It ain't like there won't be plenty of .308's, 30-06's, and .270's to trade it in on when you get tired of it down the road.


----------



## Nicodemus (Jul 12, 2007)

Yes it would Zach. Like D said, gut shot is gut shot. 

Bullet placement is the KEY!!!


----------



## DSGB (Jul 12, 2007)

Does a gut shot hog smell worse than a gut shot deer?


----------



## Trizey (Jul 12, 2007)

DSGB said:


> Does a gut shot hog smell worse than a gut shot deer?



One would not be any better than the other!!


----------



## 257 roberts (Jul 13, 2007)

Caliber doesn't make-up for marksmanship( I've killed deer with everything from 45-70 to 257 Roberts and have settled on the Roberts and sometimes a 270 Win or 7x57)
It all about placement.


----------



## Festus (Jul 13, 2007)

257 roberts said:


> Caliber doesn't make-up for marksmanship....It all about placement.



That's exactly what she said...


----------



## Davexx1 (Jul 13, 2007)

I had to read the question several times trying to figure out what the real question was.  I think I got it......

The only difference in your scenario would likely be only the size of the bullet hole and/or collateral damage.  But, a gut shot, wounded, and probably lost animal remains the same regardless of the caliber or weapon used.  Not good.

Dave1


----------



## 257 roberts (Jul 15, 2007)




----------



## 60Grit (Jul 15, 2007)

REMINGTON710 said:


> ...300 is the same as a gut shot hog with a 243...my question is would it be the same if it was a 50 cal....you can use it for varment so what do you say?  just food for thought


 

This is the most confusing statement / question I have read in a while...

My biggest concern is the last part of the question, ".50 cal. ...you can use it for varmit so what do you say???"

You might want to re-read the reg. book on that one.

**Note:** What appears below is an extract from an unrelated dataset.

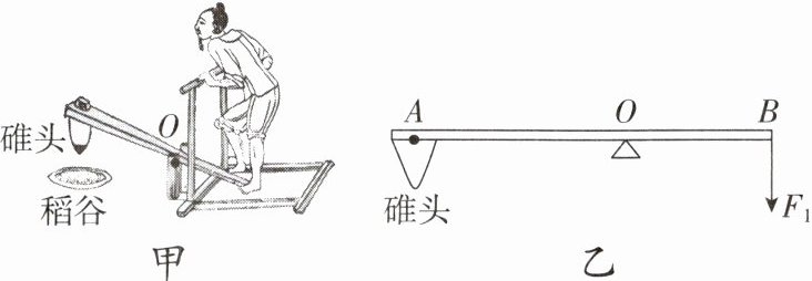 9. 如图甲所示是《天工开物》里记载的一种捣谷的舂,其简化原理图如图乙所示,已知AO>OB,捣谷人对B点的作用力$F_1$使水平静止的横木转动。不计横木的重力和转动摩擦,下列说法正确的是(

Then as far as the first part goes, why would you want to gut shoot any animal??


----------



## JJ's DEER (Jul 17, 2007)

We clean a lot of gut shot deer and hogs for folks each year. If you shoot one in the gut and bring it to me you will lose as much as half of your meat. That depends on what all you blow guts on. Because once stomach content is on meat it must be removed; you can't wash that wonderful odor out. My advice is to do a little bit more target practice before going to the woods.
As for the 300, 243 or the 50. It all depends on what type of projectile you are shooting and what it hits on the way in. Some explode inside and some are hard and blow right through. Practice makes perfect! Shoot'em in the neck or head and keep all your meat.


----------